Date: July 2, 2009
Creator: Tekarli, Sammer M.; Drummond, Michael L.; Williams, T. Gavin; Cundari, Thomas R., 1964- & Wilson, Angela K.
Description: This article discusses the performance of density functional theory for 3d transition metal-containing complexes. The performance of 44 density functionals used in conjunction with the correlation consistent basis sets (ccpVnZ where n = T and Q) has been assessed for the gas-phase enthalpies of formation at 298.15 K of 3d transition metal (TM) containing systems.
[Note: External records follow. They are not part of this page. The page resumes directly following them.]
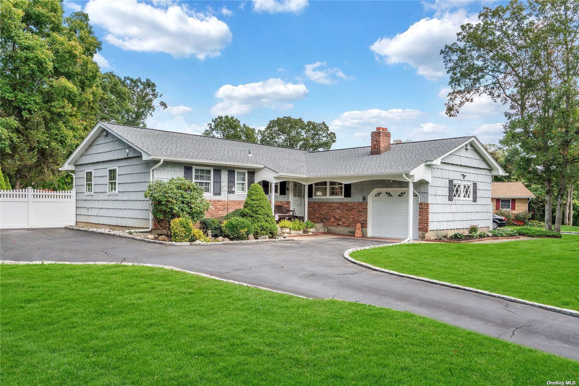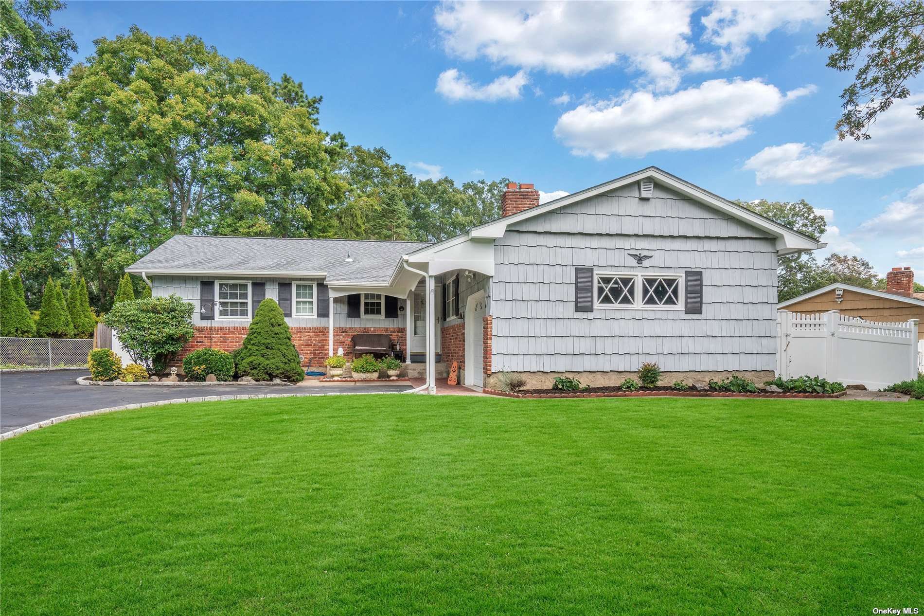 Welcome to this immaculate and charming ranch nestled on a level and beautifully landscaped property in the heart of the Story Book section of Nesconset within the Smithtown School District. This home boasts a front porch, an entry foyer, hardwood floors, a master bedroom with an en-suite bath, two additional bedrooms, second full bathroom, living room, dining room, den/family room with fireplace, kitchen with eat in area, full basement (1/2 finished), first floor laundry and mudroom with pantry and an outside entrance to the country club backyard complete with inground pool, patio and sitting areas that is perfect for entertaining, and a one car attached garage! This move in ready home is a must see and will not last!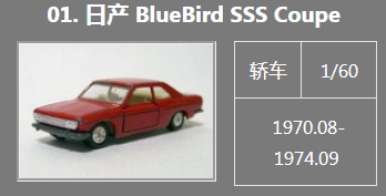 Tomica在1970月8月发售的第一辆车是日产 BlueBird SSS Coupe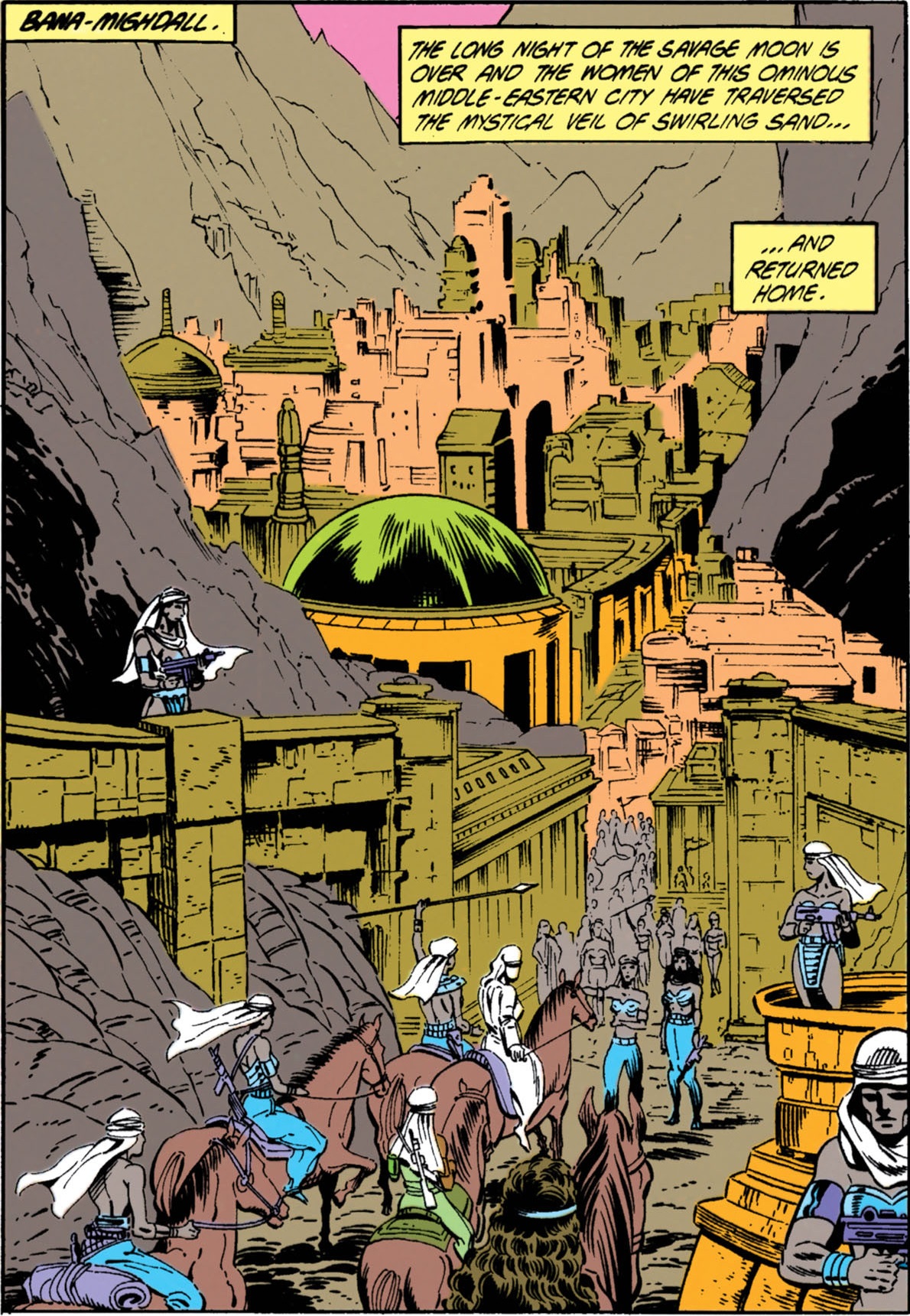 After fighting with the Trojans against the Greeks in the Trojan War, the Amazons wandered for many years, eventually settling in the deserts of Egypt. There they built a great city of mosques and temples and called it Bana-Mighdall, which means "The Temple of Women" in the hybrid language of the lost tribe. The Amazons appealed to the goddesses of Egypt to grant them sanctuary, and their city became magically protected by a constant swirling sandstorm. Having renounced their immortality upon leaving Themyscira, the Amazons decided that the best way to continue their race was to kidnap men from surrounding cities for use in breeding. Captive men were kept in breeding stables like animals and only called upon when their reproductive services were of need. Male babies were killed, but the female babies would be raised in the increasingly violent and war-loving ways of Bana-Mighdall.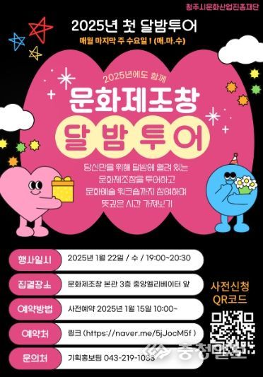 청주시문화산업진흥재단은 오는 22일 밤에 진행되는 ‘문화제조창 달밤투어’ 투어객을 오는 15일 오전 10시부터 모집한다.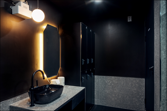 탈의실에는 8각형의 장신 거울을 설치하여서 조금 더 세련된 느낌을 강조해보았습니다. 뿐만 아니라 앞에는 우아한 느낌이 나는 동그란 조명을 달아서 고객들이 운동을 한 후에 자신의 몸을 조금 더 멋지게 볼 수 있도록 조성을 해보았습니다. 늘 새로워지는 본인의 모습을 보면서 빛나는 몸을 가지고 싶다면 이런 모던한 인테리어를 하는 것도 하나의 방법입니다.

Nineteen molecules were examined: ScS, VO, VO₂, Cr(CO)₆, MnS, MnCl₂, Mn(CO)₅Cl, FeCl₃, Fe(CO)₅, CoH(CO)₄, NiCl₂, Ni(CO)₄, CuH, CuF, CuCl, ZnH, ZnO, ZnCl, and Zn(CH₃)₂. Of the functionals examined, the functionals that resulted in the smallest mean absolute deviation (MAD, in parentheses, kcal molˉ¹) from experiment were B97-1(6.9), PBE1KCIS (8.1), TPSS1KCIS (9.6), B97-2(9.7), and B98(10.7). All five of these functionals include some degree of Hartree-Fock (HF) exchange. The impact of increasing the basis set from cc-pVTZ to cc-pVQZ was found to be slight for the generalized gradient approximation (GGA) and meta-GGA (MGGA) functionals studied, indicating basis set saturation at the triple-ζ level. By contrast, for most of the generalized gradient exchange (GGE), hybrid GGA (HGGA), and hybrid meta-GGA (HMGGA) functionals considered, improvements in the average MAD of 2-3 kcal molˉ¹ were seen upon progressing to a quadruple-ζ level basis set. Overall, it was found that the ...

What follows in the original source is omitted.